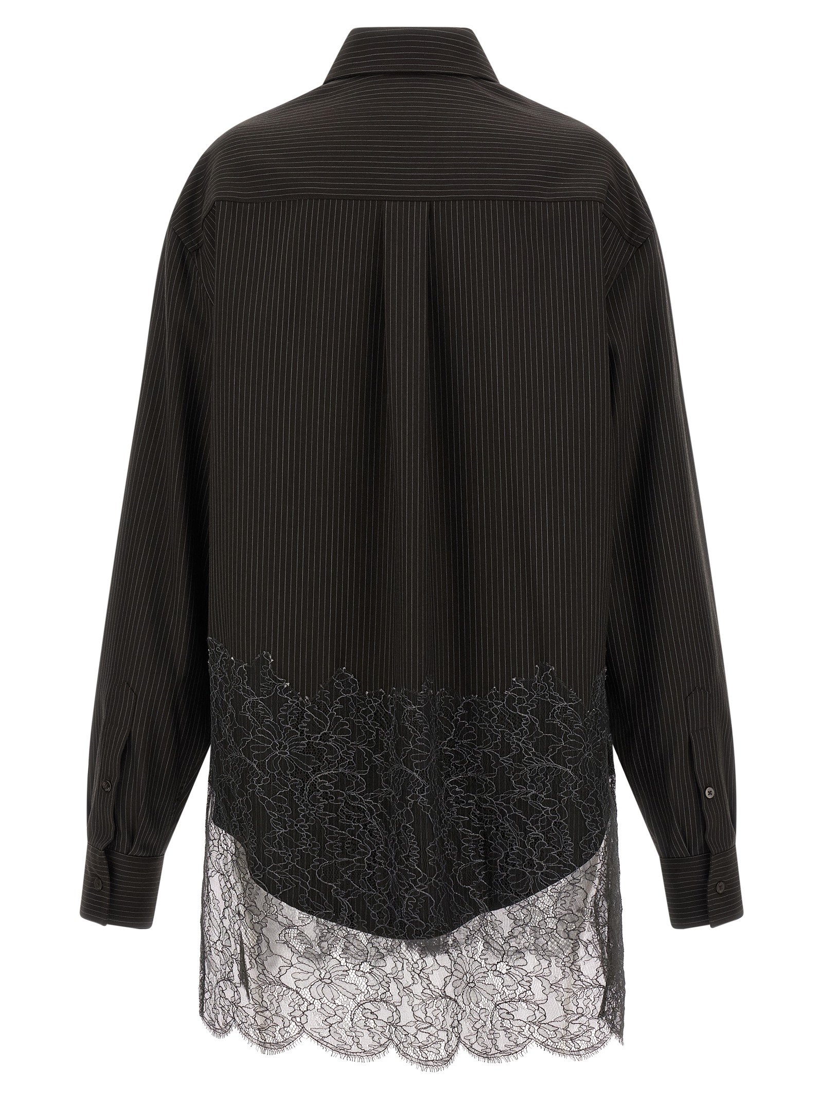 Pinstripe patterned wool shirt, button-down model, front button closure, long sleeves with cuffs and dropped shoulder, garment bottom with double layer lace insert, side slits.
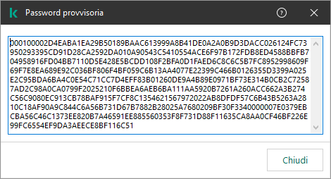 È possibile utilizzare una password provvisoria per concedere l'accesso provvisorio a Kaspersky Endpoint Security per un singolo computer all'esterno della rete aziendale. Questo è necessario per consentire all'utente di eseguire un'azione bloccata senza ottenere le credenziali dell'account KLAdmin. Per utilizzare una password provvisoria, il computer deve essere aggiunto a Kaspersky Security Center.
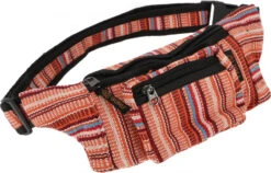 Gürteltasche aus Webstoff mit drei Reißverschlusstaschen. Mit dieser schönen Tasche, die auch wunderbar als Crossbody Bag getragen werden kann, sind die wichtigsten Dinge, wohl sortiert verstaut.
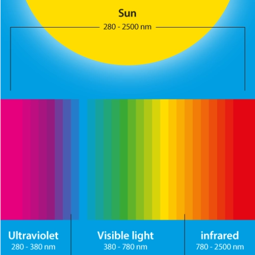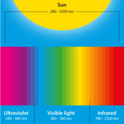 UV radiation is sunlight with the shortest wavelength - up to 380 nm. Due to absorption from the atmosphere, only the parts above 300 nm reach us. (UVB and UVA bands) UV light is invisible to the human eye.
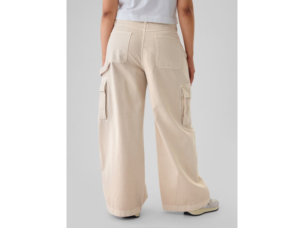 Dámske mäkké bavlnené baggy nohavice. Skryté zapínanie na háčik a gombík, zips. Vrecká vpredu, vzadu a na bokoch. Klasický strih, prispôsobený v páse a voľnejší cez boky a stehná. Vyrobené zo 100% regeneračnej bavlny, pestovaná pomocou holistických poľnohospodárskych praktík. Modelka meria približne 178 cm a nosí veľkosť S (4). Modelka meria približne 178 cm a nosí veľkosť L (14).Dodatočné parametre
########################################
EXERCISE GOAL: Set down the records precisely as they appear. Any picture stays out.

TASK OUTPUT:
 Pinstripe patterned wool shirt, button-down model, front button closure, long sleeves with cuffs and dropped shoulder, garment bottom with double layer lace insert, side slits.
 È possibile utilizzare una password provvisoria per concedere l'accesso provvisorio a Kaspersky Endpoint Security per un singolo computer all'esterno della rete aziendale. Questo è necessario per consentire all'utente di eseguire un'azione bloccata senza ottenere le credenziali dell'account KLAdmin. Per utilizzare una password provvisoria, il computer deve essere aggiunto a Kaspersky Security Center.
 Gürteltasche aus Webstoff mit drei Reißverschlusstaschen. Mit dieser schönen Tasche, die auch wunderbar als Crossbody Bag getragen werden kann, sind die wichtigsten Dinge, wohl sortiert verstaut.
 UV radiation is sunlight with the shortest wavelength - up to 380 nm. Due to absorption from the atmosphere, only the parts above 300 nm reach us. (UVB and UVA bands) UV light is invisible to the human eye.
 Dámske mäkké bavlnené baggy nohavice. Skryté zapínanie na háčik a gombík, zips. Vrecká vpredu, vzadu a na bokoch. Klasický strih, prispôsobený v páse a voľnejší cez boky a stehná. Vyrobené zo 100% regeneračnej bavlny, pestovaná pomocou holistických poľnohospodárskych praktík. Modelka meria približne 178 cm a nosí veľkosť S (4). Modelka meria približne 178 cm a nosí veľkosť L (14).Dodatočné parametre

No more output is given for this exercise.